Obligation to hold a bank account
- All legal entities will be required to open a payments account in Romania for the entire duration of carrying out their activity;
- This formality must be completed within 60 days since incorporation, for companies established after the entrance into force of the law;
- Sanctions:
- Penalties ranging from RON 3,000 to RON 10,000.
- Being declared inactive by the fiscal authority.
- Companies organised and functioning as provided by Law no. 31/1990 that remain inactive for more than one year risk liquidation.
Transfer of shares
Share transfers within limited liability companies (LLCs) by the shareholder who holds control over the company as per art. 25 para. (4) of the Fiscal Procedure Code shall be enforceable against ANAF only in the following conditions:
- Notification: The transferor, the transferee or the company must notify ANAF of the transfer of shares within 15 days of its effective date.
- Guarantees for debts: If the company has outstanding tax obligations of other budgetary dues, the transferor or company must provide guarantees to cover the amount of the debts. These guarantees can consist of cash deposit, letter of guarantee, or insurance policy, and must cover the value of all outstanding tax obligations as per the tax certificate.
- The Trade Registry will register the transfer only after verifying that these conditions have been met.
- The guarantees will only be released after the debts have been paid in full.
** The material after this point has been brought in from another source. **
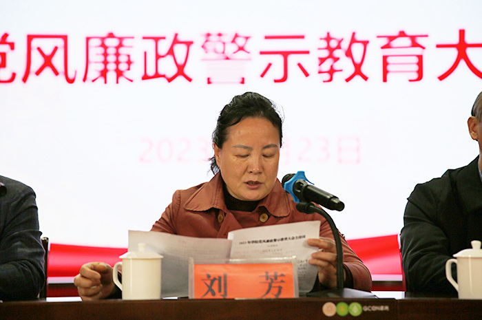 刘芳总结指出,各部门一要以案为鉴,汲取教训,对照案例认真开展剖析,加强警示教育;二要自查自纠,防范风险。排查重点领域、关键环节、关键岗位的廉政风险,建立健全工作制度,做实做细“后半篇文章”。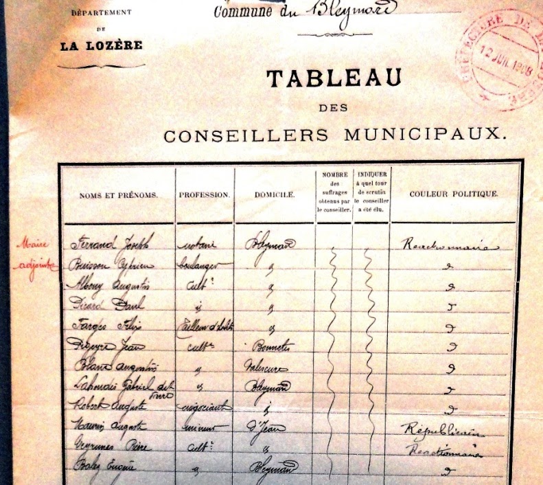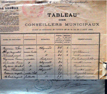 | Pons Augustin | Receveur buraliste | Bleymard | 82 | républicain |

If they are not settled within 60 days of the registration of the share transfer, ANAF will enforce the guarantees.
LLC minimum share capital
- For newly established LLCs, the minimum share capital shall be of RON 500.
- For LLCs with a net turnover above RON 400,000, the minimum share capital shall be RON 5,000.
- If the turnover increases and exceeds the threshold, the share capital will be increased by the end of the following financial year.
- Existing LLCs must adjust their share capital within a maximum of 2 years of the law entering into force.
- Failure to comply with these provisions may result in the dissolution of the LLC at the request of any interested party or ex officio.
Dividends and loans: new rules and prohibitions
- Loans may be granted to shareholders by companies that distribute quarterly dividends exclusively after adjusting the differences resulting from the distribution of dividends throughout the year.
- Loans taken from shareholders cannot be repaid if the net asset value is less than half of the share capital value.
- Failure to comply with these rules is sanctioned by:
- A fine between RON 10,000 and RON 200,000
- Joint liability of the company and the shareholder
- Dividends from current profits may be distributed only after:
- the establishment of the legal and statutory reserves, and the coverage of the accounting losses carried forward, for companies that record current profit but have carried forward losses;
- the restoration of the net assets to the minimum value provided by law (at least half of the subscribed share capital value), as the case may be.
- Interim dividends may not be distributed from the current financial year's profit if the net asset value is reduced to less than half of the subscribed share capital, based on the interim financial statements.
New rules regarding net assets
- Failure to comply with the obligation to restore the net assets to the legal value is punishable by a fine between RON 10,000 and RON 200,000.
- If a company that does not meet the requirement to restore its
net assets has debts resulting from loans and financing provided by
shareholders, the company is obliged to increase its share capital
by converting those loans, while respecting the pre-emptive rights
of shareholders, within 2 years from the end of the financial year
following the one in which the losses were recorded.
- Failure to comply with this obligation is punishable by a fine ranging from 40,000 to 300,000 lei
- These provisions do not apply to companies declared inactive.
- The law provides several exceptions for these obligations (such as certain investment funds, professional investors etc.).
The content of this article is intended to provide a general guide to the subject matter. Specialist advice should be sought about your specific circumstances.